Widersprüchlich ist, mit welchem Ziel diese Instrumente eingesetzt werden. Irans oberste Priorität ist es, den Irak nicht zu einer politischen, militärischen oder ideologischen Bedrohung werden zu lassen. Die potenzielle Bedrohung kommt dabei aus zwei äußerst unterschiedlichen Richtungen. Würde der Irak doch noch zu einer Erfolgsgeschichte, würde er dem iranischen System als alternatives politisches, demokratisches und sogar schiitisches Modell Konkurrenz machen. Doch gleichzeitig fürchtet Teheran auch, dass die Unruhen und der Bürgerkrieg überschwappen können.
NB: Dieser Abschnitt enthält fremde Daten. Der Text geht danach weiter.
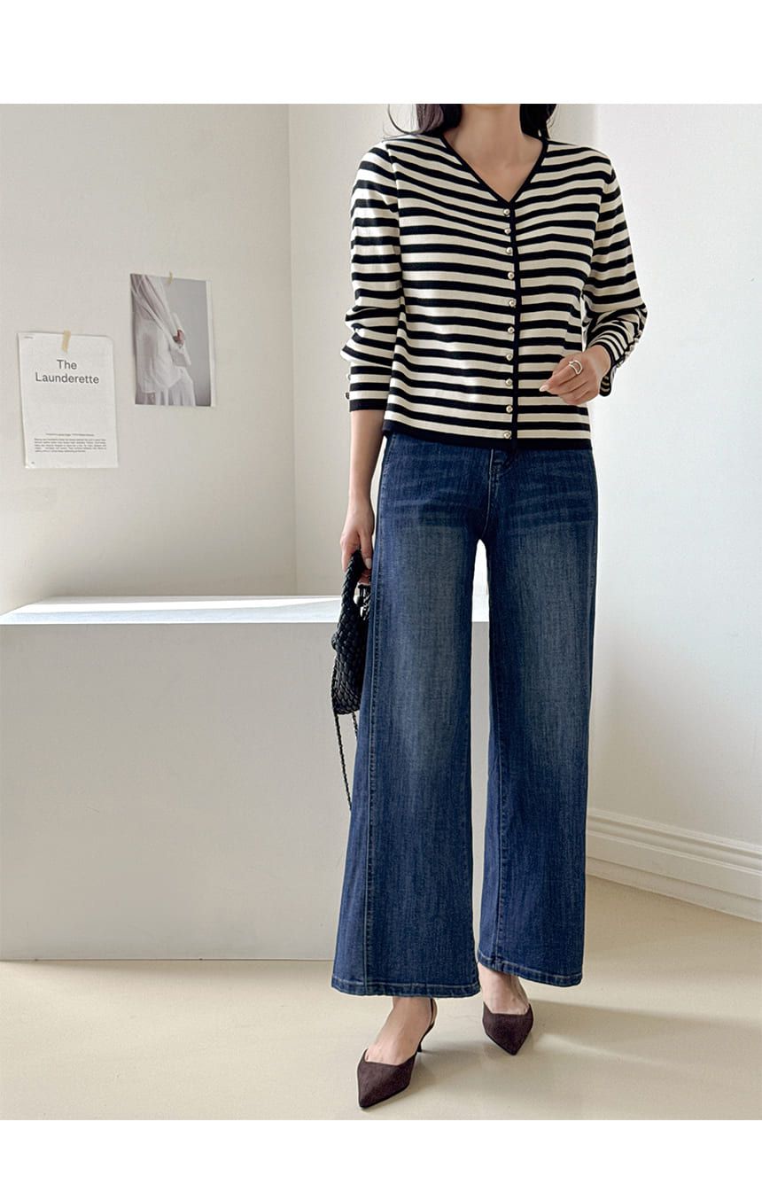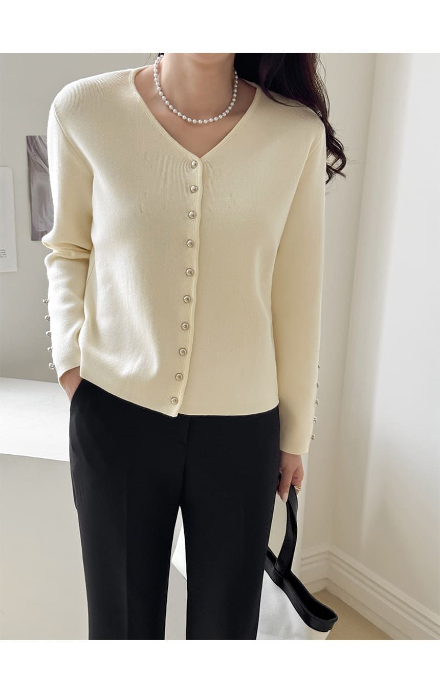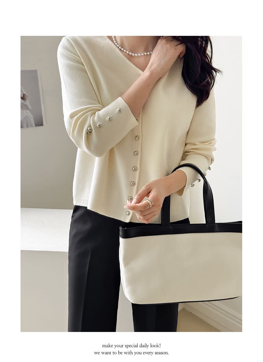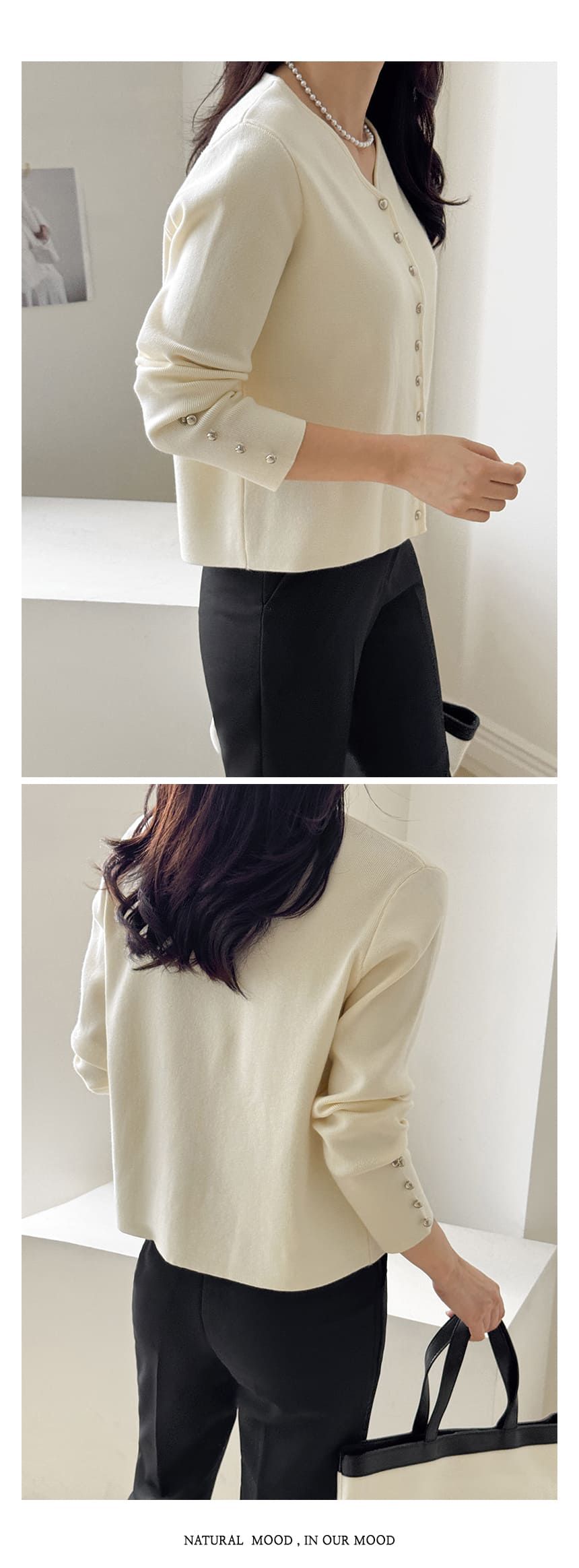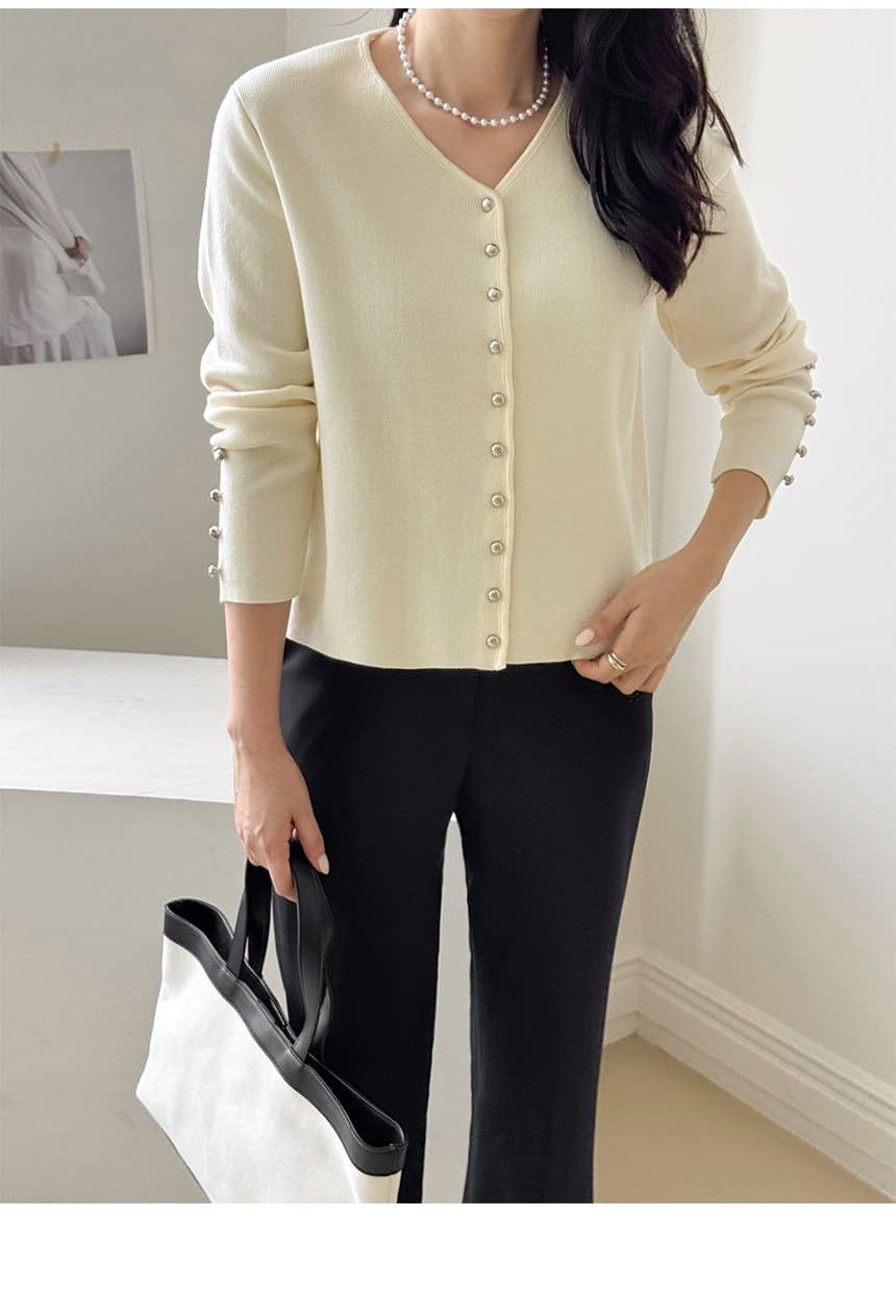 條紋色&素色/V領/開襟排釦/立體金屬鈕釦/袖釦造型 - 休閒居家簡約百搭素面配色條紋上衣條紋外套條紋針織衫針織上衣開襟衫立體排釦針織衫長袖上衣外套條紋色奶油色黑色

Daraus ergibt sich eine iranische Strategie der „vielen Gesichter“. Teheran möchte die territoriale Integrität des Irak erhalten und einen völligen irakischen Kollaps vermeiden. Dabei zählt die Führung auf die freundlich gesinnte Regierung in Bagdad. Doch andererseits schürt Teheran Unruhe im Irak, nicht zuletzt, um US-Truppen zu binden, damit Washington nicht auf den Gedanken kommt, als Nächstes den Iran anzugreifen. Ein unabhängiger, vereinter Irak soll mit seiner mehrheitlich schiitischen Regierung den US-Einfluss eindämmen.
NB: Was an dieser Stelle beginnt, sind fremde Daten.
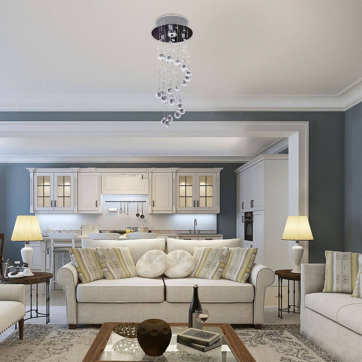 The deluxe spiral rain drop lighting ceiling lamp is ideal for any décor and is designed to enhance the overall lighting illusion. Ideal for Living Room, Hallway, Stairway, Home office and the crystal design gives it even more grand feel.
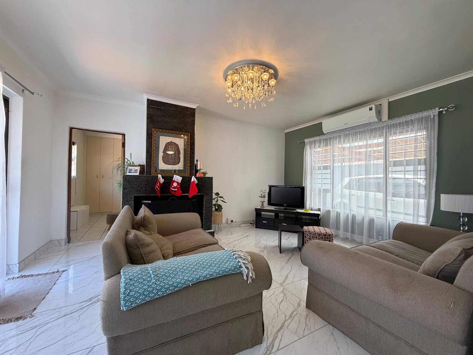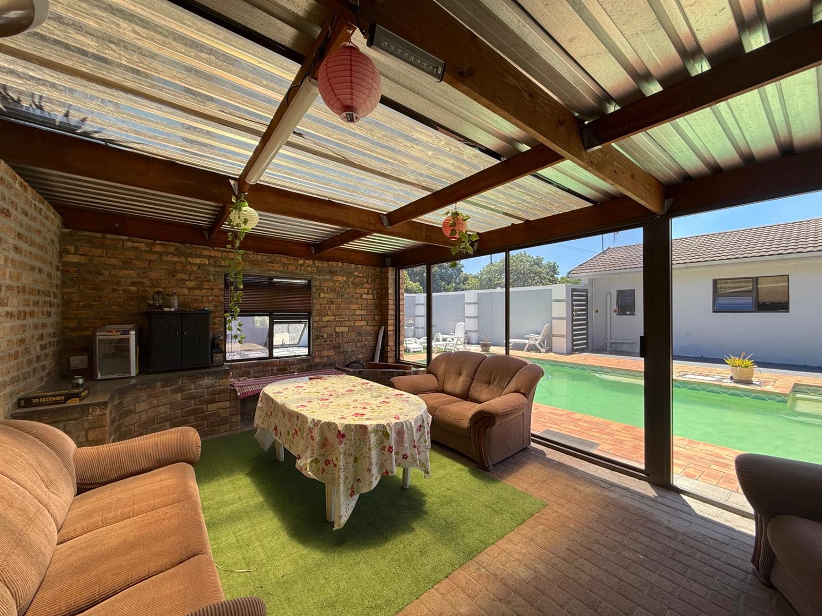 Comfort is ensured year-round with a cosy fireplace for chilly winter evenings and air-conditioning for warm summer days. Outside, the massive yard is perfect for pets, and the swimming pool with pool house/braai room creates an excellent space for entertaining family and friends.

Gleichzeitig möchte Teheran aber auch die Fähigkeit behalten, die US-Truppen im Irak in Schwierigkeiten zu bringen, wenn es nötig erscheint. Eine Karte, die sich auch ausspielen lässt, wenn es um den amerikanischen Widerstand gegen das iranische Atomprogramm geht. „Kontrolliertes Chaos“ lautet also derzeit das iranische Rezept für den Irak. Teheran präsentiert sich dabei gerne als Chaos-Manager. Allerdings hat Amit Muhebian, einer der konservativen Ideologen des iranischen Regimes, die 160.000 US-Soldaten im Irak schon mal bösartig als „potenzielle Geiseln“ bezeichnet.

So hat sich in der Konfrontation zwischen Washington und Teheran ausgerechnet der Irak als amerikanische Achillesferse erweisen. Arabische Zeitungen werteten die internationale Irak-Konferenz bereits im Vorfeld als iranischen Erfolg.